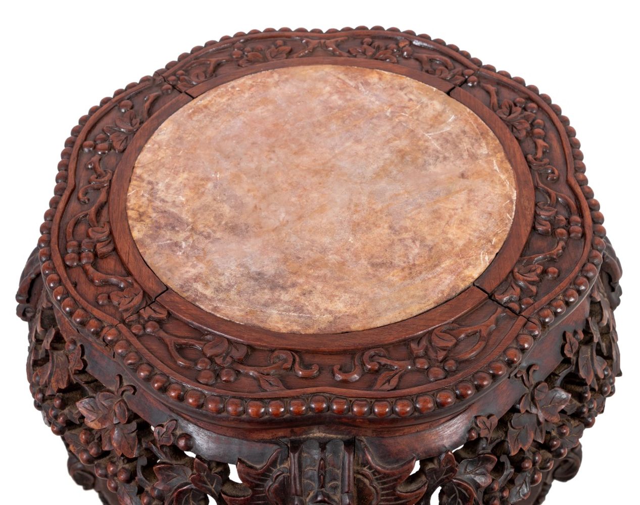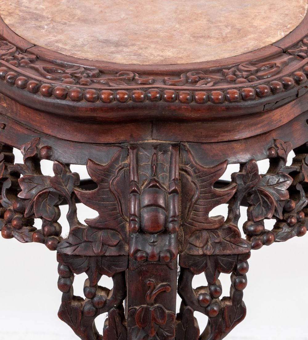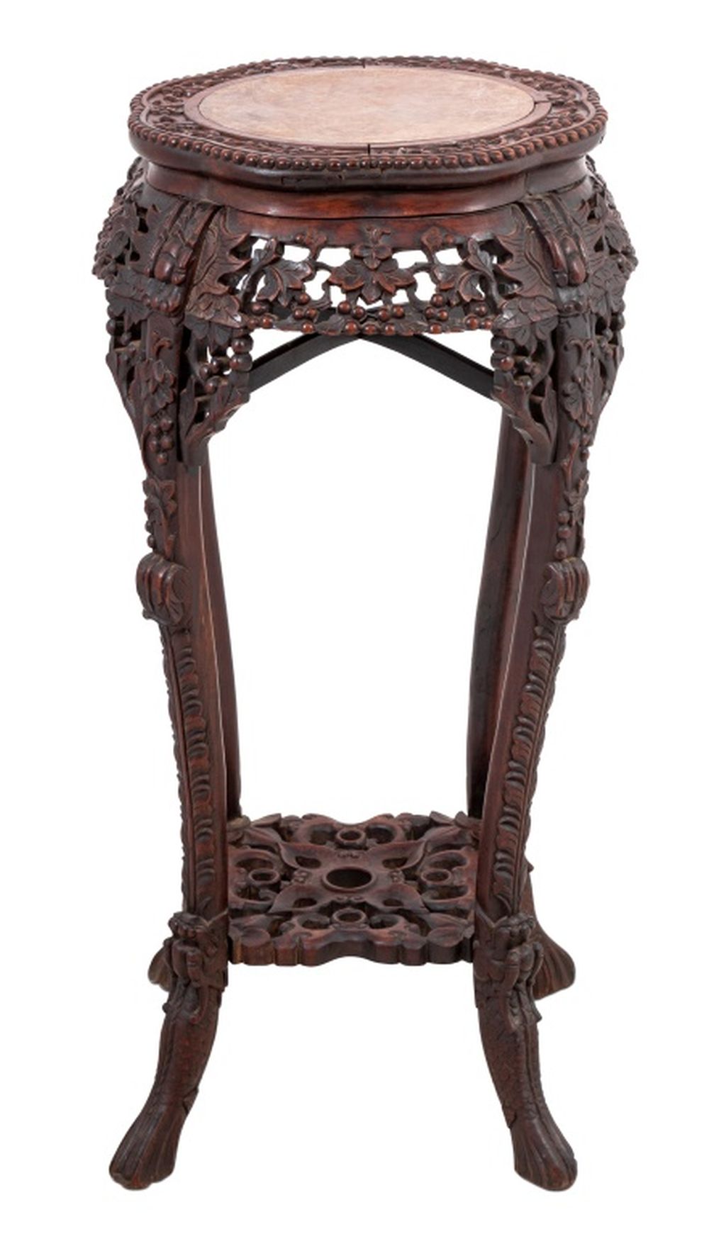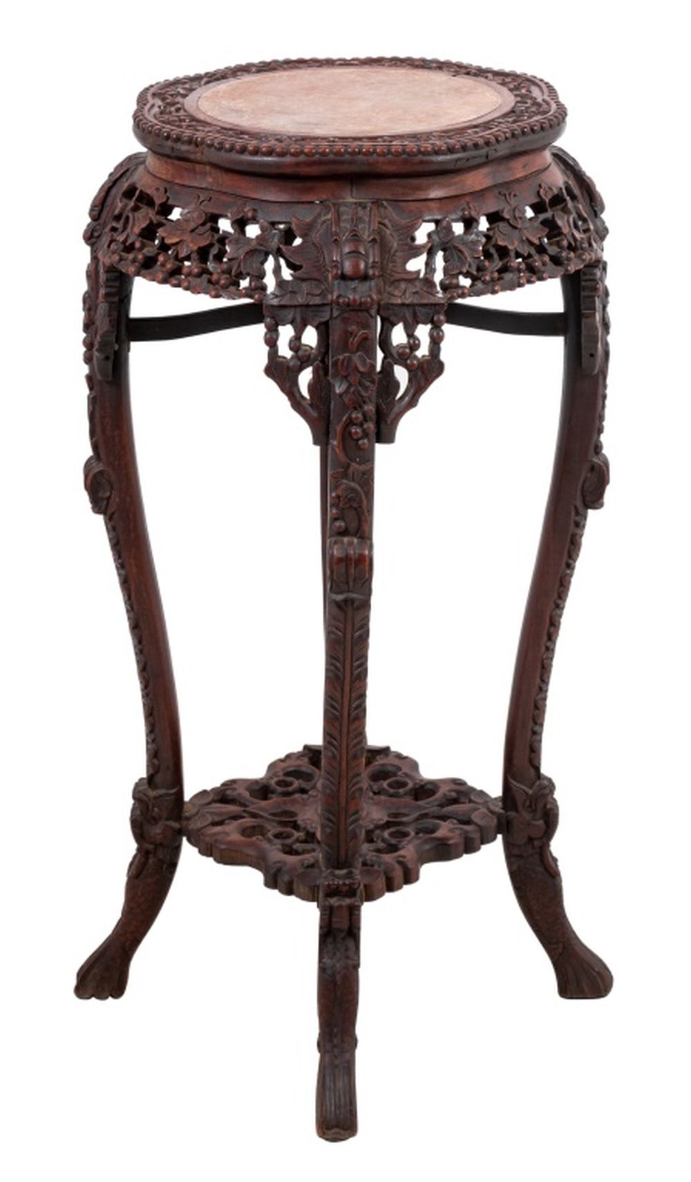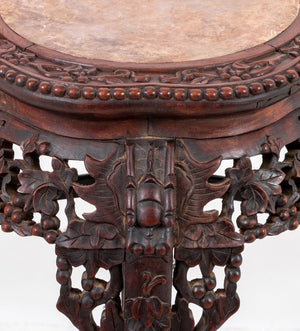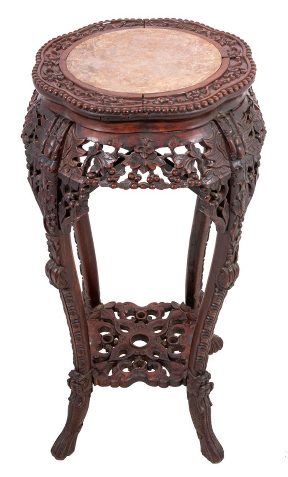 Chinese Carved Hardwood and Marble Pedestal Table, late 19th century, profusely carved, the lobed top inset with marble, on tall scrolled legs joined by an undertier. 37" H x 16" W x 16" D. Keywords: Asian Arts, Furniture, Antique, Lamp table, Side Table, Display stand, Sculpture gallery, Plant stand, Specimen Marble, Interior Design, Decorative Arts
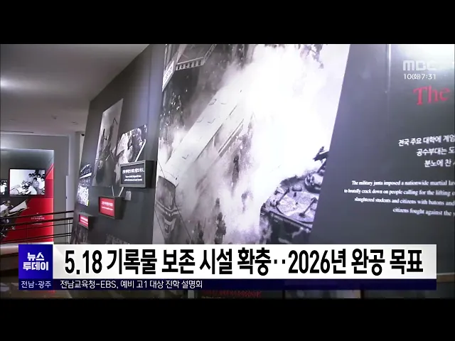 유네스코 세계기록유산에 등재된 5.18 민주화운동 기록물 보존시설이 확충됩니다. 광주시와 5.18민주화운동기록관에 따르면, 5.18 기록물 보존시설 확충사업 건축 기획 용역이 이번 달 안으로 시작됩니다. 5.18 기록관은 서구 치평동 5.18 교육관 공터를 부지로 정하고정부와 세부 추진방안을 협의할 계획이며, 2026년을 목...
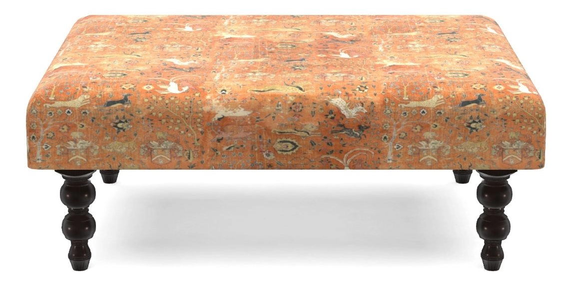 Porthallow Bespoke Footstools A in V&A Threads of India Opulent Velvets - Lahore Dynasty : Flame
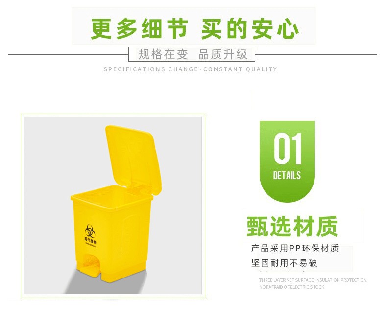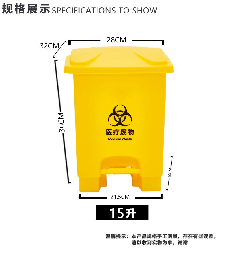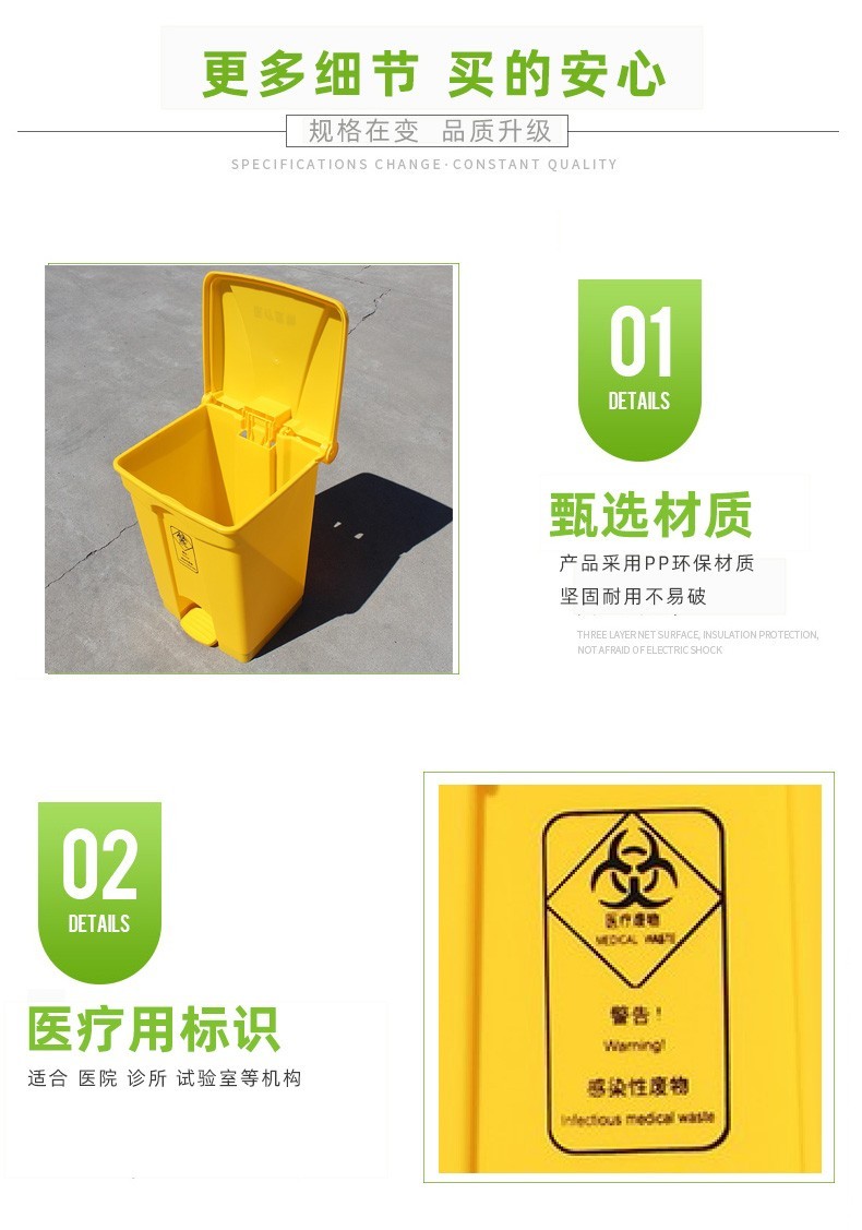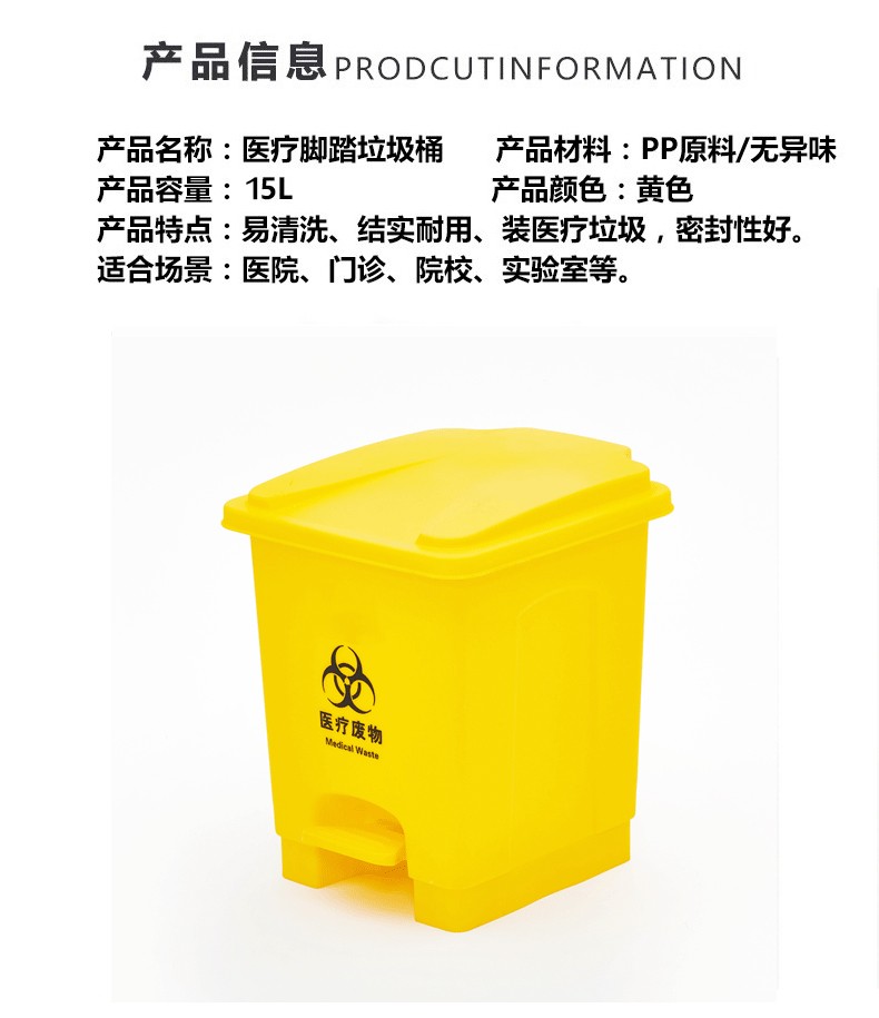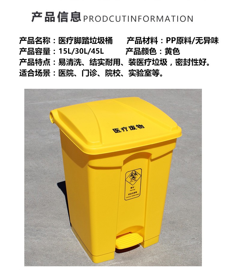 商品名称:医疗废物垃圾桶 黄色加厚 45L医疗脚踏垃圾桶

[EXERCISE INSTRUCTIONS]: Pass over the images and copy the rest of the material above exactly.

[WRITTEN ANSWER]:
 Chinese Carved Hardwood and Marble Pedestal Table, late 19th century, profusely carved, the lobed top inset with marble, on tall scrolled legs joined by an undertier. 37" H x 16" W x 16" D. Keywords: Asian Arts, Furniture, Antique, Lamp table, Side Table, Display stand, Sculpture gallery, Plant stand, Specimen Marble, Interior Design, Decorative Arts
 유네스코 세계기록유산에 등재된 5.18 민주화운동 기록물 보존시설이 확충됩니다. 광주시와 5.18민주화운동기록관에 따르면, 5.18 기록물 보존시설 확충사업 건축 기획 용역이 이번 달 안으로 시작됩니다. 5.18 기록관은 서구 치평동 5.18 교육관 공터를 부지로 정하고정부와 세부 추진방안을 협의할 계획이며, 2026년을 목...
 Porthallow Bespoke Footstools A in V&A Threads of India Opulent Velvets - Lahore Dynasty : Flame
 商品名称:医疗废物垃圾桶 黄色加厚 45L医疗脚踏垃圾桶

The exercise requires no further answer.